INFORMATION SHOWN ▸
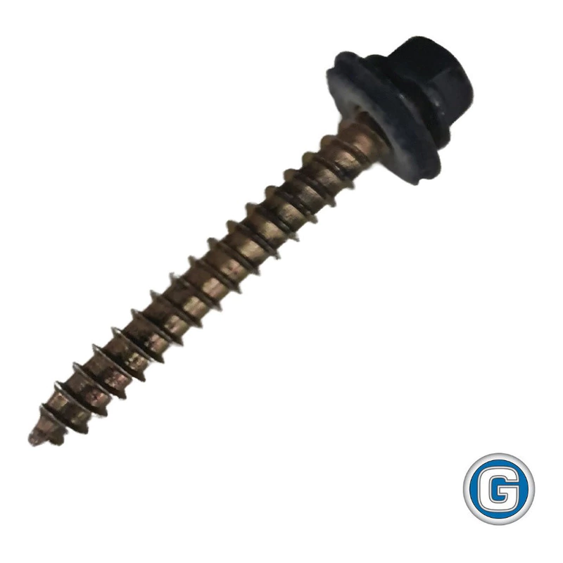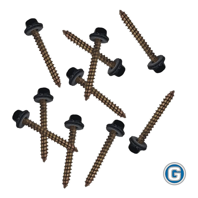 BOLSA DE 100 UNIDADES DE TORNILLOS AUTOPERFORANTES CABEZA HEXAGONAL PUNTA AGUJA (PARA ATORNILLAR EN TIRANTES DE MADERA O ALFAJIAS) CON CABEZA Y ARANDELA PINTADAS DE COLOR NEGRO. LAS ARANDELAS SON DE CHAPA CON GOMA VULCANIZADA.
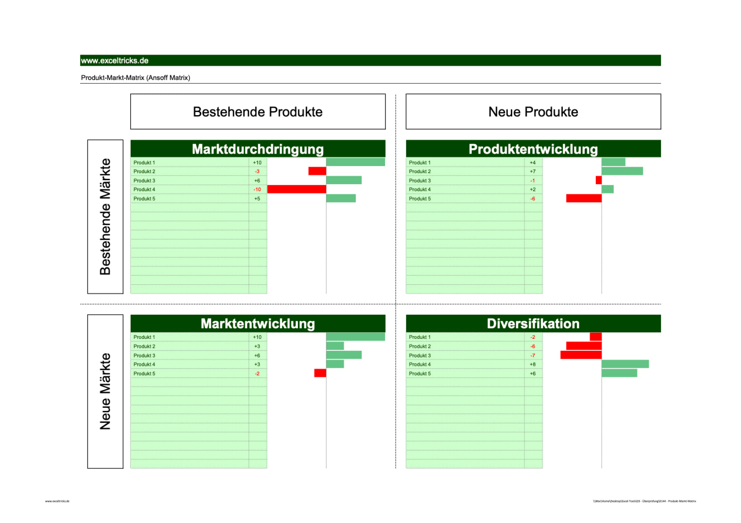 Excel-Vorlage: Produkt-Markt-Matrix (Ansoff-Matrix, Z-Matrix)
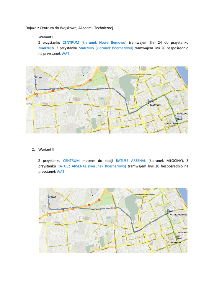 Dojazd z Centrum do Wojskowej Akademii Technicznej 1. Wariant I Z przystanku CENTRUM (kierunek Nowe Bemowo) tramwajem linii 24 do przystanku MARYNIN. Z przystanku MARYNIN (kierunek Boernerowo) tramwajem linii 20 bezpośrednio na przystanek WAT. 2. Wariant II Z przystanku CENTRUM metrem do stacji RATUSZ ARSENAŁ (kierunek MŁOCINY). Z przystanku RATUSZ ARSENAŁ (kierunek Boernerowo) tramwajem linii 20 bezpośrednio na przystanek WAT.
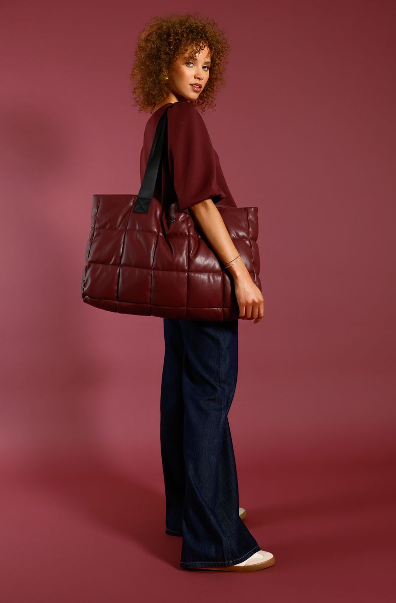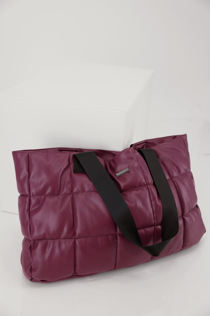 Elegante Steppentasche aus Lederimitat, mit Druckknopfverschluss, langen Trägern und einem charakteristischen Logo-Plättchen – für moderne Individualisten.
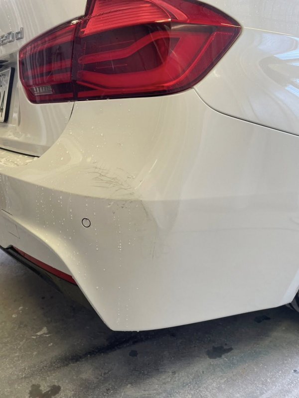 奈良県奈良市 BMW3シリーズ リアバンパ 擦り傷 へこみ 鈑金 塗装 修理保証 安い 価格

TASK ▸ From the line containing "Elegante Steppentasche aus" down to the last line of the entries above, set down every line exactly. Omit all pictures.

RESPONSE TO THE TASK ▸
 Elegante Steppentasche aus Lederimitat, mit Druckknopfverschluss, langen Trägern und einem charakteristischen Logo-Plättchen – für moderne Individualisten.
 奈良県奈良市 BMW3シリーズ リアバンパ 擦り傷 へこみ 鈑金 塗装 修理保証 安い 価格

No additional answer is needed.